According to the Romanian Pension Funds’ Association (APAPR), the annual average weighted returns of the second-pillar funds fell to 3.68%, from 8.71% a year earlier.
Mihai Bobocea, adviser to the APAPR board, attributed the fall to a “historically low interest-rate environment and stagnating stock exchange quotations”.
In 2015, the turnover of listed companies on the Bucharest Stock Exchange declined by 23% year on year in local currency terms, and there was a dearth of IPOs compared with 2014.
Second-pillar membership over the year grew by 4.2% to 6.56m, and net assets by 29.1% in Romania leu terms to RON24.7bn (€5.5bn).

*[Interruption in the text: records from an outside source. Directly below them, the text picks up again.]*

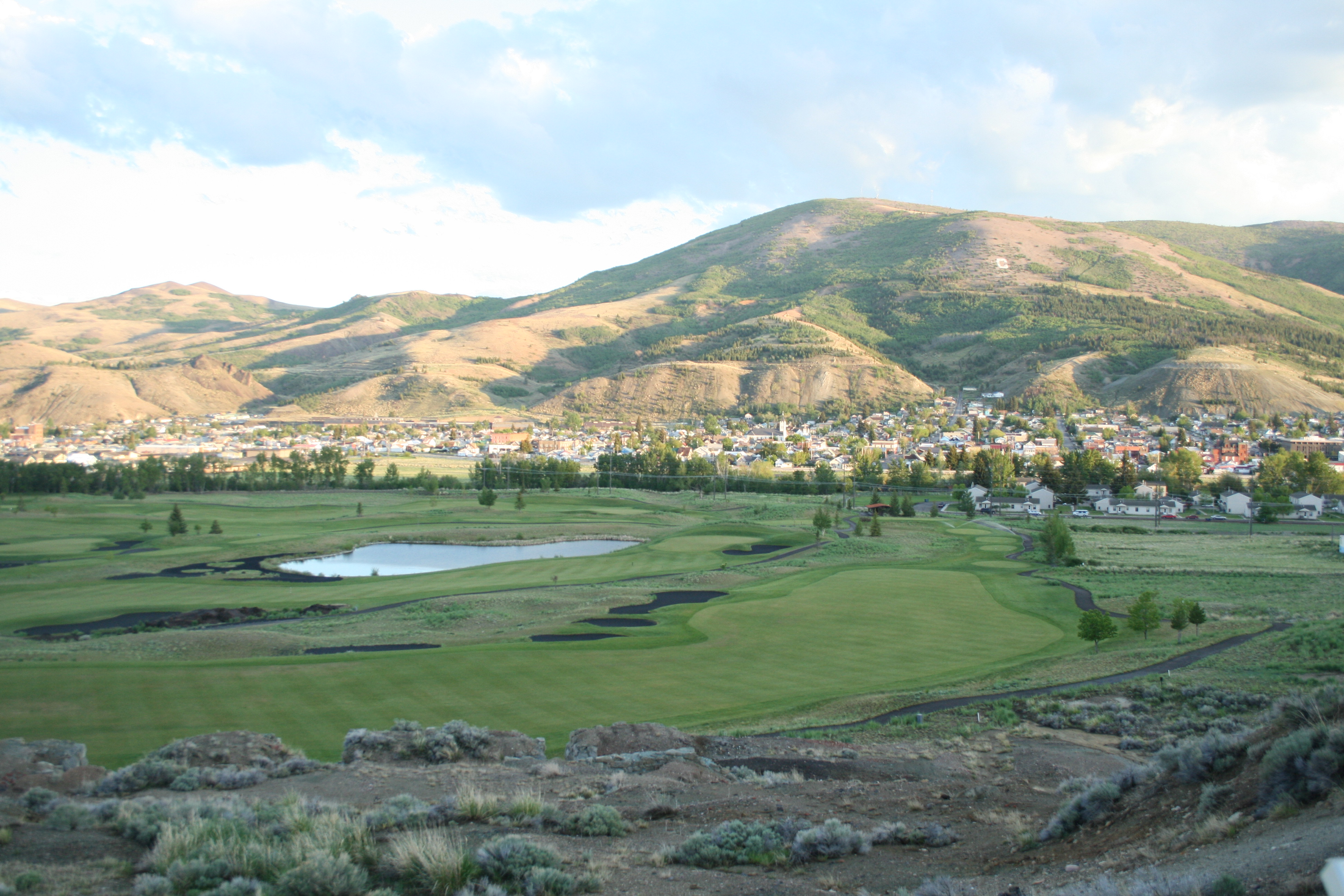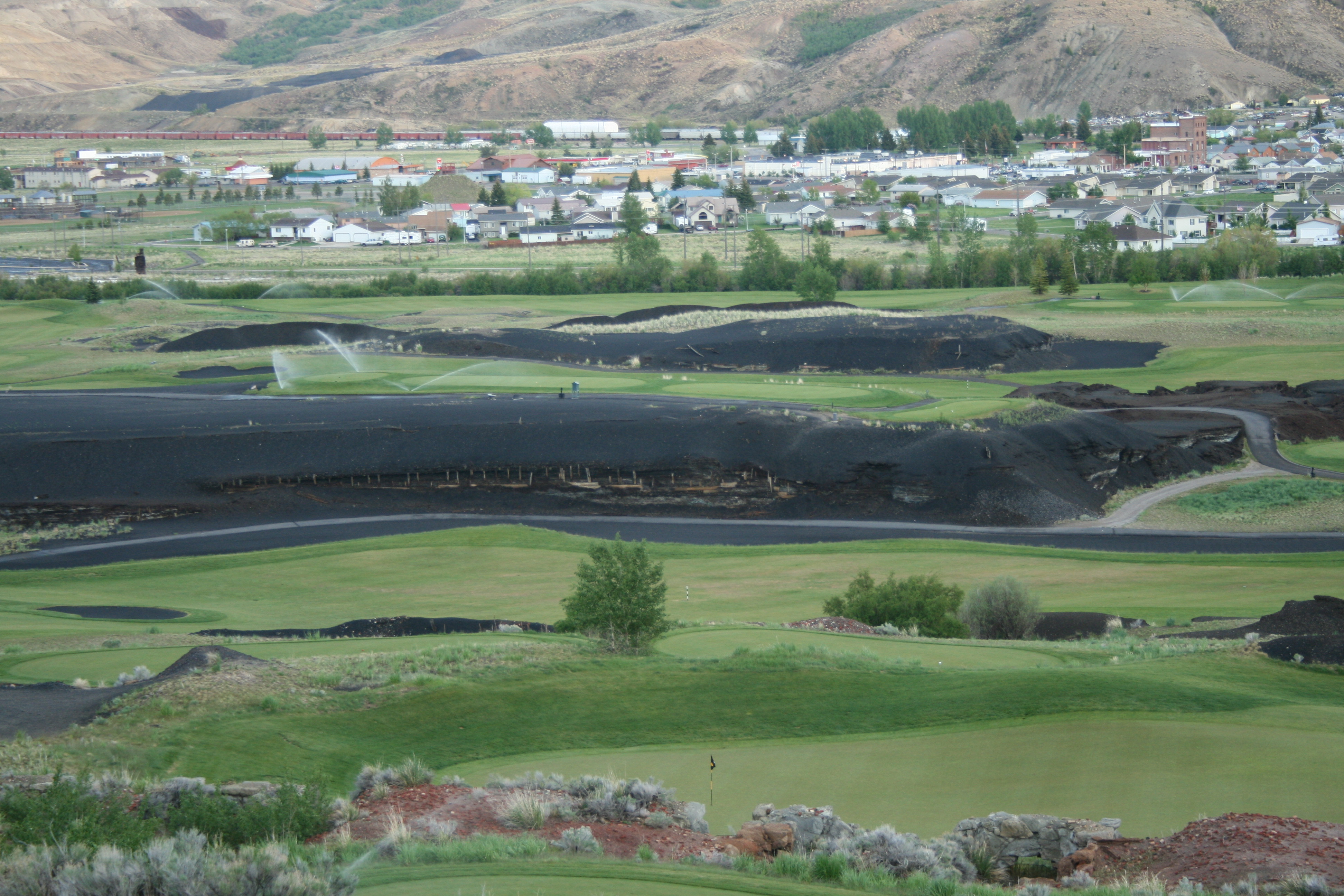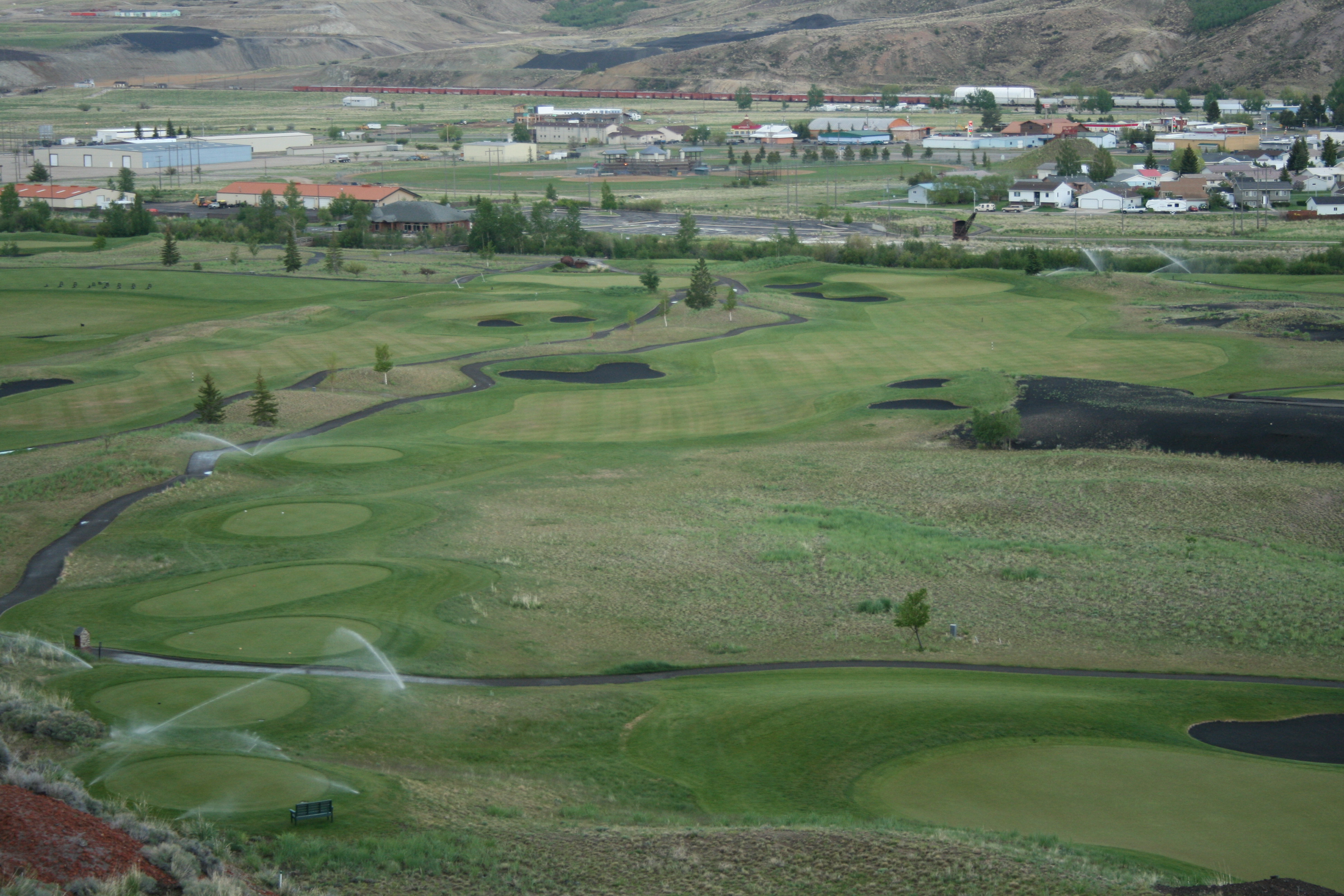 An overall view of the front nine, with the town and the "new works" copper smelter in the distance (also not in use anymore)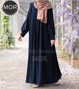 Contemporary blue abaya with comfortable fit, featuring 24/25 chest size and full 50/51 length. Elegant 100 flare design provides graceful movement and stylish silhouette for various occasions.
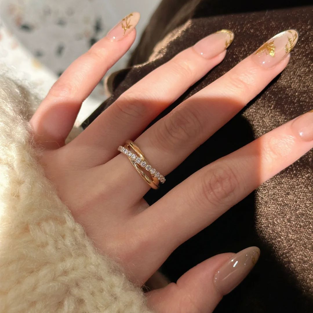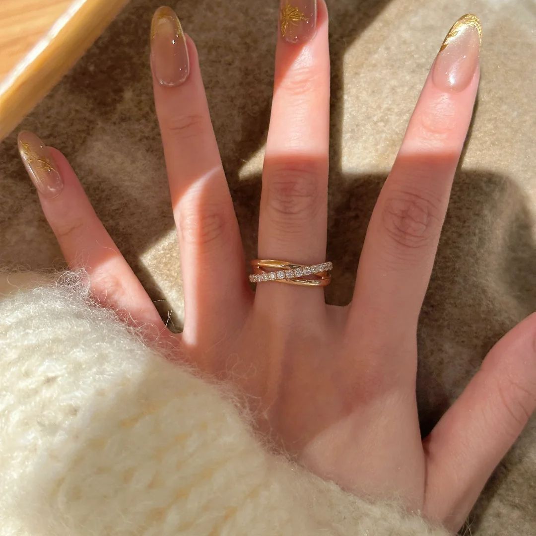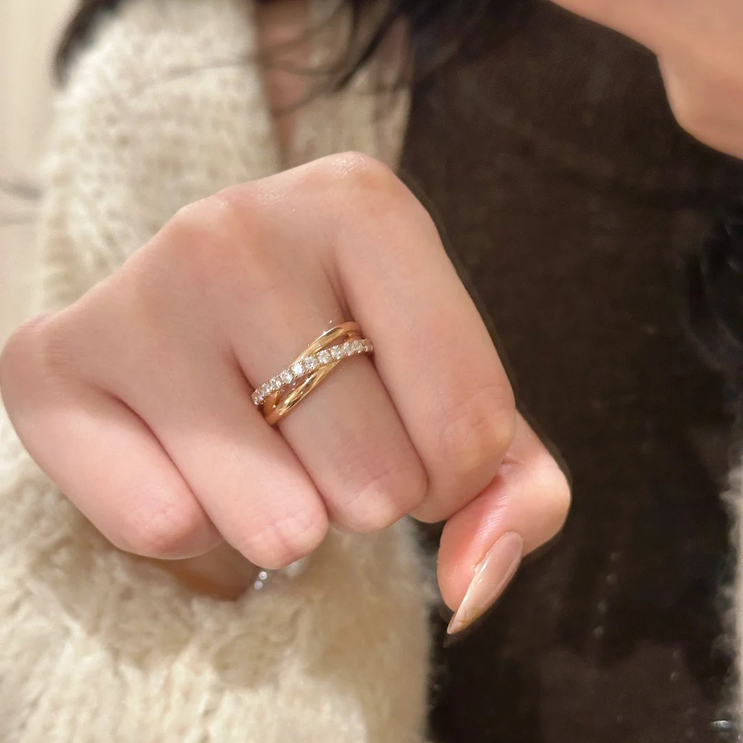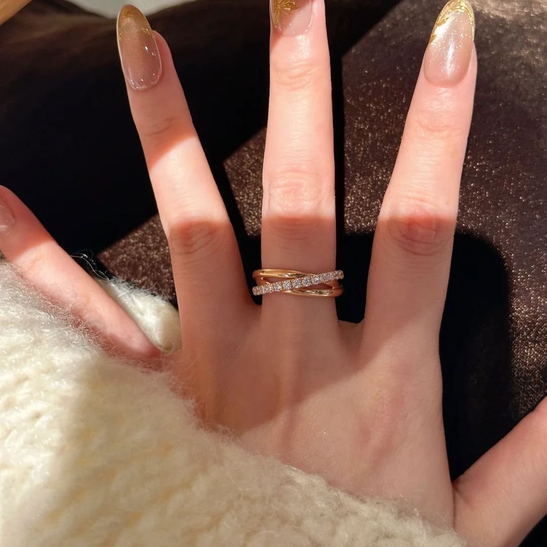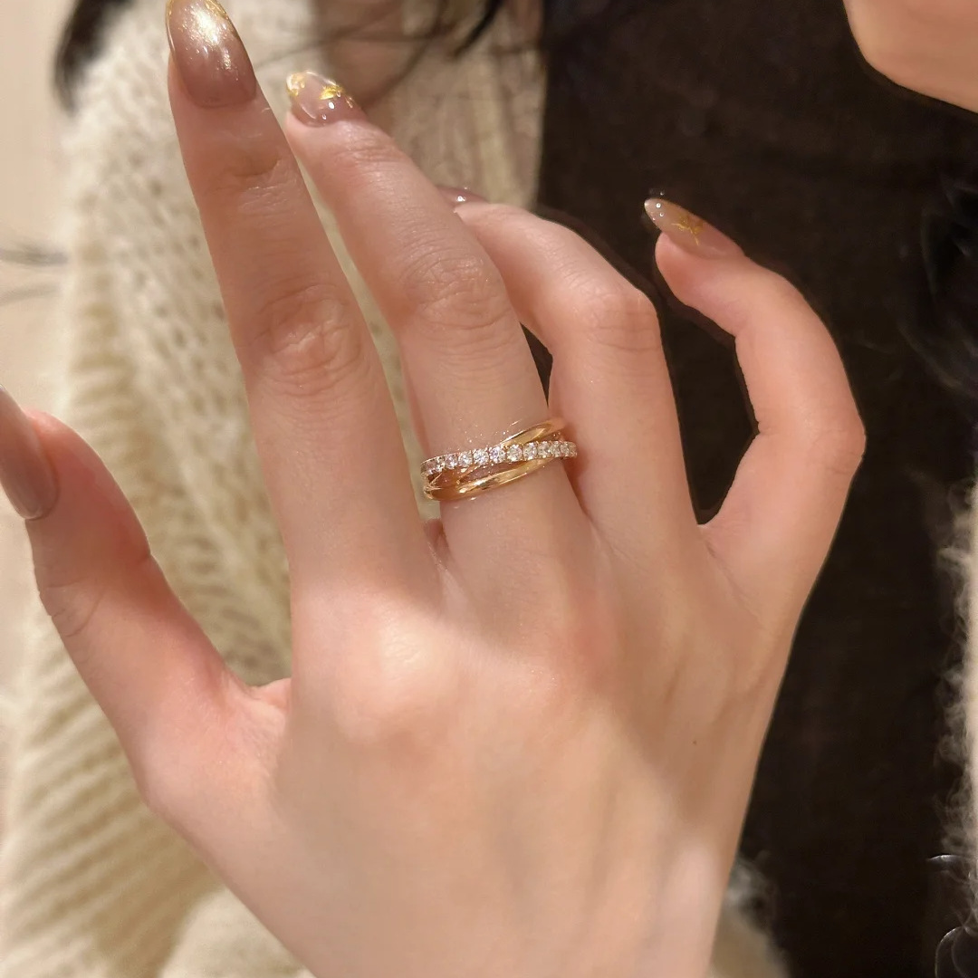 Light Luxury Elegant Three-Circle Cross Inlaid Rai Diamond Ring Niche Design Fashion Personality Open Finger Ring for Women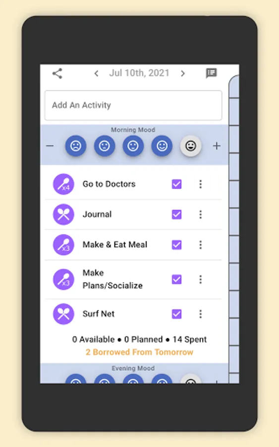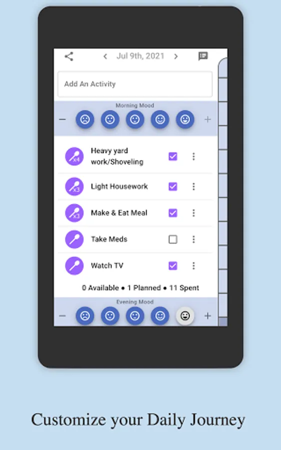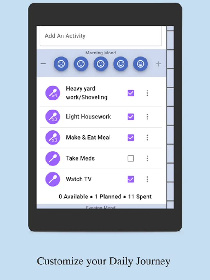 Based on the hugely popular Spoon Theory, this app helps you manage your "spoons". Track and monitor your daily activities to see how they affect your mood and energy levels.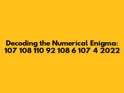 Numbers Game: Decoding 107 108 110 92 108 6 107 4 2022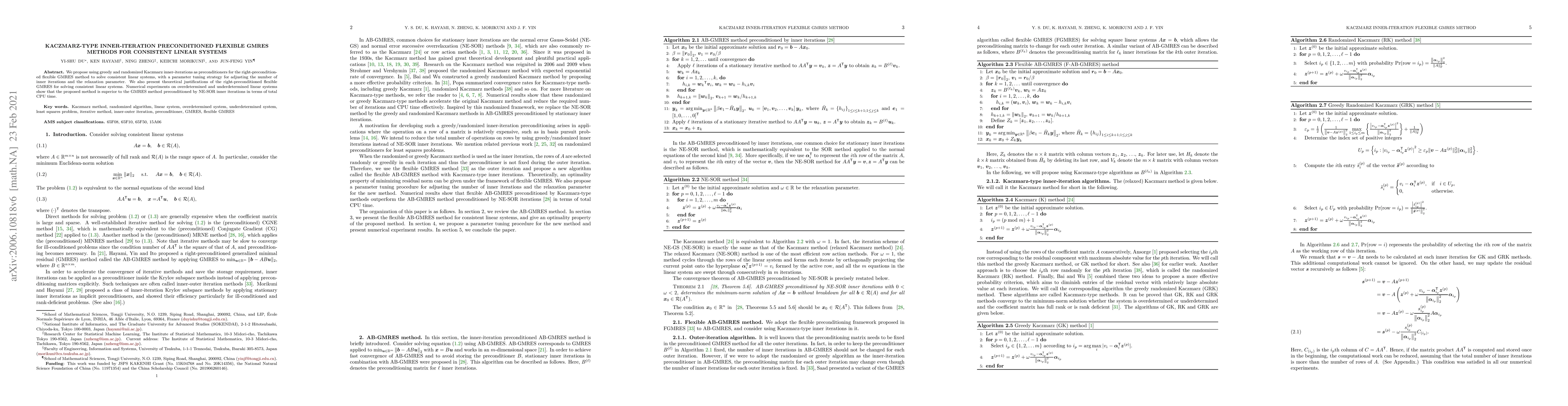 This paper proposes using Kaczmarz-type inner-iterations as preconditioners for the right-preconditioned flexible GMRES method to solve consistent linear systems, demonstrating superior performance over traditional methods in terms of CPU time. Theoretical justifications are provided, and numerical experiments confirm the effectiveness of the proposed approach.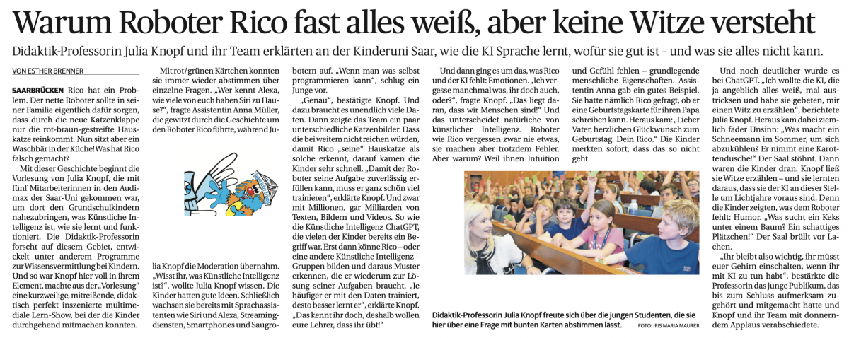 Zeitungsbericht der Saarbrücker Zeitung vom 01.07.2023: Warum Roboter Rico alles weiß, aber keine Witze versteht.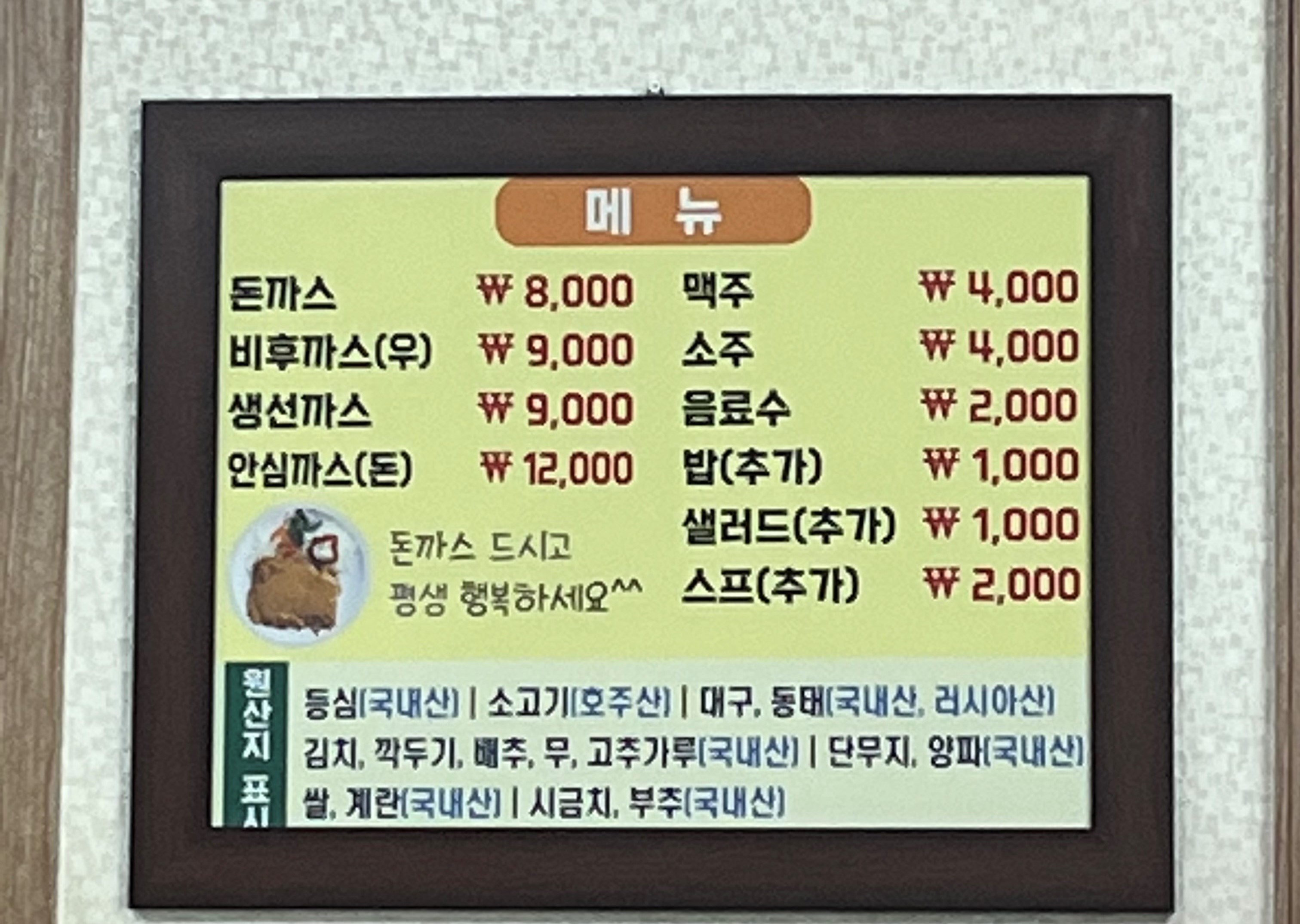 메뉴는 돈까스/비후까스/생선까스/안심까스 이렇게 있는데요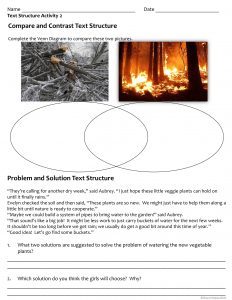 Practice with four text structures is provided in the activities.  The text structures addressed are:  descriptive, cause and effect, compare and contrast, and problem and solution.

The contribution rate, which remained unchanged at 5% of gross wages, rose to 5.1% in 2016.
Investment remained primarily domestic.
There were minor shifts in asset allocation, with the share of government bonds falling by 2.1 percentage points to 65.9%.
Investment in municipal, supranational and corporate bonds also declined.
Meanwhile, the share of listed equities grew by 0.2 percentage points to 19.2%, that of cash and deposits by 1.1 percentage points 6.5%, and that of mutual funds by 0.5 percentage points to 3.7%.
Bobocea told IPE asset picking rather than asset allocation could explain why the funds avoided year-end negative returns.
The 10 voluntary third-pillar funds told a similar story, with the annual return falling from 7.45% to 2.54%.
Membership grew by 10.4% to 382,318 and assets by 20.4% to RON1.3bn.
The investment profile was similar to that of the second pillar – government bonds accounted for 64.9% of the total, other bonds 8.5%, listed equities 19.3% and cash and deposits 4.5%.